Variational Inference for Non-Markovian Forward process

Forward process(posterior)

q(\mathbf{x}_{t-1}|\mathbf{x}_t, \mathbf{x}_0) = \mathcal{N}(\sqrt {\overline{\alpha}_{t-1}} \mathbf{x}_0 + \sqrt {1 - \overline{\alpha}_{t-1} - \tilde\sigma^2_t} \cdot \frac {\mathbf{x}_t - \sqrt{\overline{\alpha}_{t}} {\mathbf{x}}_0} {\sqrt{1 - \overline{\alpha}_{t}}} , \tilde\sigma^2_t\mathbf{I})

Reverse process

p(\mathbf{x}_{t-1}|\mathbf{x}_t) = \mathcal{N}(\sqrt {\overline{\alpha}_{t-1}} \hat{\mathbf{x}}_0 + \sqrt {1 - \overline{\alpha}_{t-1} - \tilde\sigma^2_t} \cdot \frac {\mathbf{x}_t - \sqrt{\overline{\alpha}_{t}} \hat{\mathbf{x}}_0} {\sqrt{1 - \overline{\alpha}_{t}}} , \tilde\sigma^2_t\mathbf{I})
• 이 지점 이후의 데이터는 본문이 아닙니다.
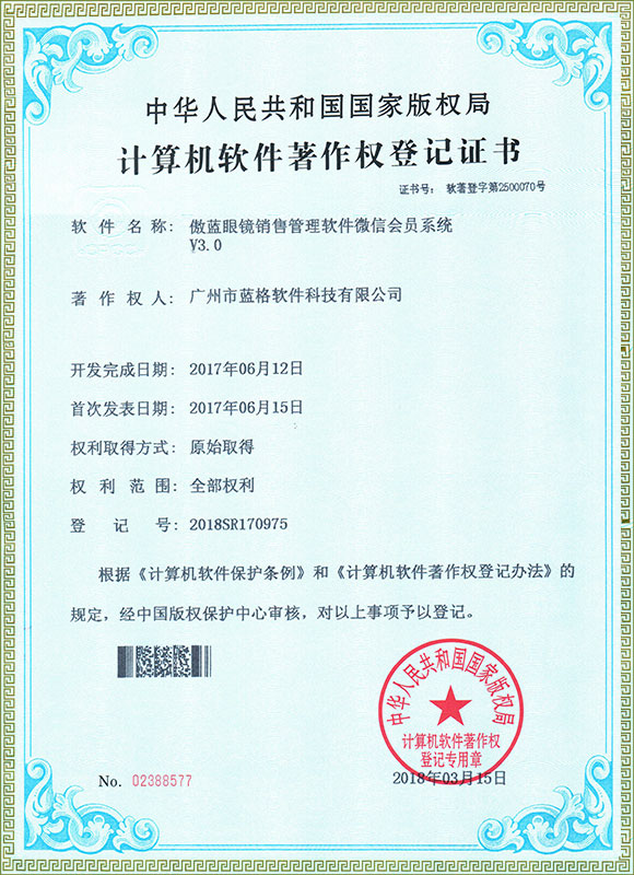 • 美容院管理軟件微信會(huì)員系統(tǒng)著作權(quán)登記證書

Forward process의 3가지 조건을 만족하는 Non-Markovian process와 이에 따른 Reverse process입니다. 이 친구들을 활용하여 샘플링 과정까지 알아보겠습니다.

Sampling from Generalized Generative Processes

위에서 정의한 process에 의해서 denoised observation을 다음과 같이 정의할 수 있습니다.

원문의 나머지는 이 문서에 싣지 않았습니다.